EUR/USD rose for the third consecutive day during the current trading session, though the rally was nowhere near being enough to erase the Friday’s huge drop. Markets continue to calm down as they digest the result of Britain’s referendum. While market participants feel less anxious, the future remains uncertain, and that may cause traders to stick to safe currencies. The problem for the dollar is that it has lost its appeal due to the extremely low probability of an interest rate hike from the Federal Reserve this year. In fact, some market commentators were even talking about possibility of a cut.

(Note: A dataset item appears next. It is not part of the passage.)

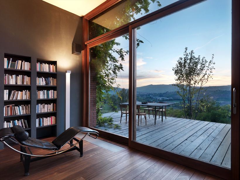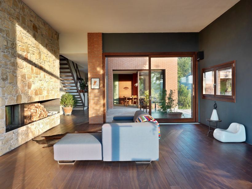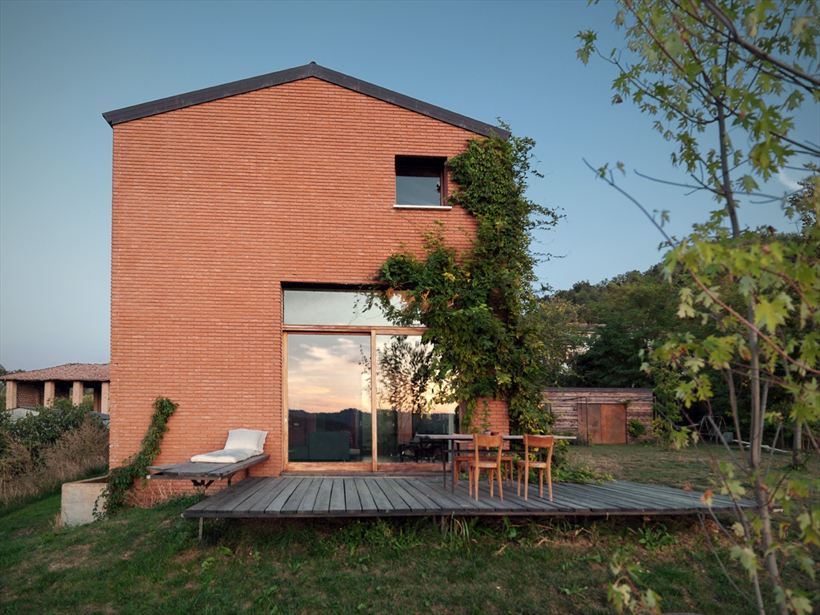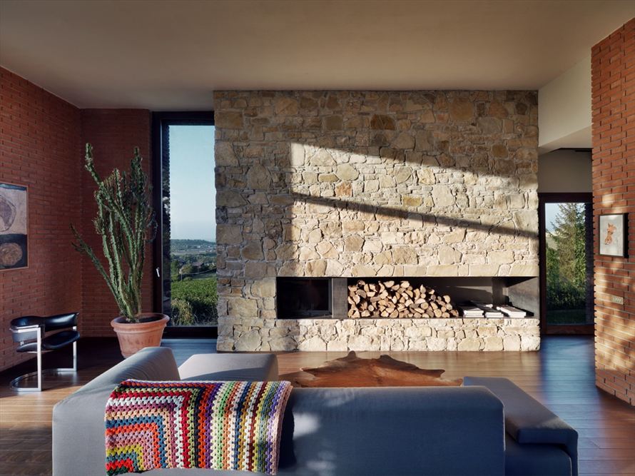 Located in the Val Tidone foothills of the Piacentine countryside of Italy lies a residence that lovingly interprets the traditional ‘cascina’ and barn type styles of the area. This contemporary home was built around a central covered courtyard which forms the core of the main floor living area. Park Associati designed the home to have a continuous relationship of comfort for residents throughout the year. The main floor includes a cloakroom, a storage area and two large rooms that are interconnected through large sliding doors. The kitchen and dining area almost work as one as they share a single space along with the living room. Four bedrooms and two bathrooms are situated on the first floor where the unique materials of iroko wood and local stone create an unusual and intriguing presence into the rooms.

Such view reduces the attractiveness of the US currency to investors.
Personal income rose 0.2% in May, a bit less than analysts had predicted (0.3%). Personal spending was up 0.4%, matching forecasts exactly. Both income and spending received a positive revision for April, adding 0.1 percentage point, resulting in an increase by 0.5% and 1.1% respectively. (Event A on the chart.)
Pending home sales sank 3.7% in May, far more than experts had estimated ahead of the report — 0.9%. Additionally, the April’s increase got a negative revision from 5.1% to 3.9%. (Event B on the chart.)
US crude oil inventories shrank by 4.1 million barrels last week compared to a drop by 2.3 million predicted by specialists and the 0.9 million decreased logged the week before. Nevertheless, the stockpiles remained at historically high levels for this time of year. Total motor gasoline inventories were up 1.4 million barrels. (Event C on the chart.)